Today’s SOTA LLMs basically don't have an autonomous learning capability analogous to the above. Sure, people do all sorts of cool tricks with the context window, but people don’t know how to iteratively make the weights better and better without limit, in a way that’s analogous to to AlphaZero doing self-play or a human mathematicians doing math. Like, you can run more epochs on the same training data, but it rapidly plateaus. You can do the Huang et al. thing in an infinite loop, but I think it would rapidly go off the rails.

I don’t want to publicly speculate on what it would take for autonomous learning to take off in LLMs—maybe it’s “just more scale” + the Huang et al. thing, maybe it’s system-level changes, maybe LLMs are just not fit for purpose and we need to wait for the next paradigm. Whatever it is, IMO it’s a thing we’ll have eventually, and don’t have right now.

So I propose “somebody gets autonomous learning to work stably for LLMs (or similarly-general systems)” as a possible future fast-takeoff scenario.

In the context of the OP fast-takeoff scenarios, you wrote “Takeoff is less abrupt; Takeoff becomes easier to navigate; Capabilities gains are less general”. I’m not sure I buy any of those for my autonomous-learning fast-takeoff scenario.

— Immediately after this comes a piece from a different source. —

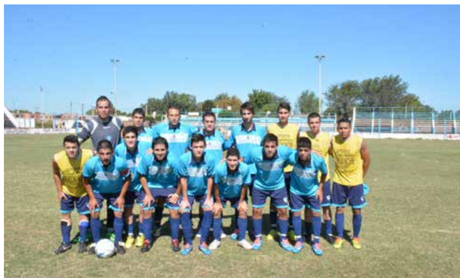
Atlético San Martín.

For example, AlphaZero was one of the first systems of that type that anyone got to work at all, and it rocketed to superhuman; that learning process happened over days, not years or decades; and presumably “getting autonomous learning to work stably” would be a cross-cutting advance not tied to any particular domain.

So I propose “somebody gets autonomous learning to work stably for LLMs (or similarly-general systems)” as a possible future fast-takeoff scenario.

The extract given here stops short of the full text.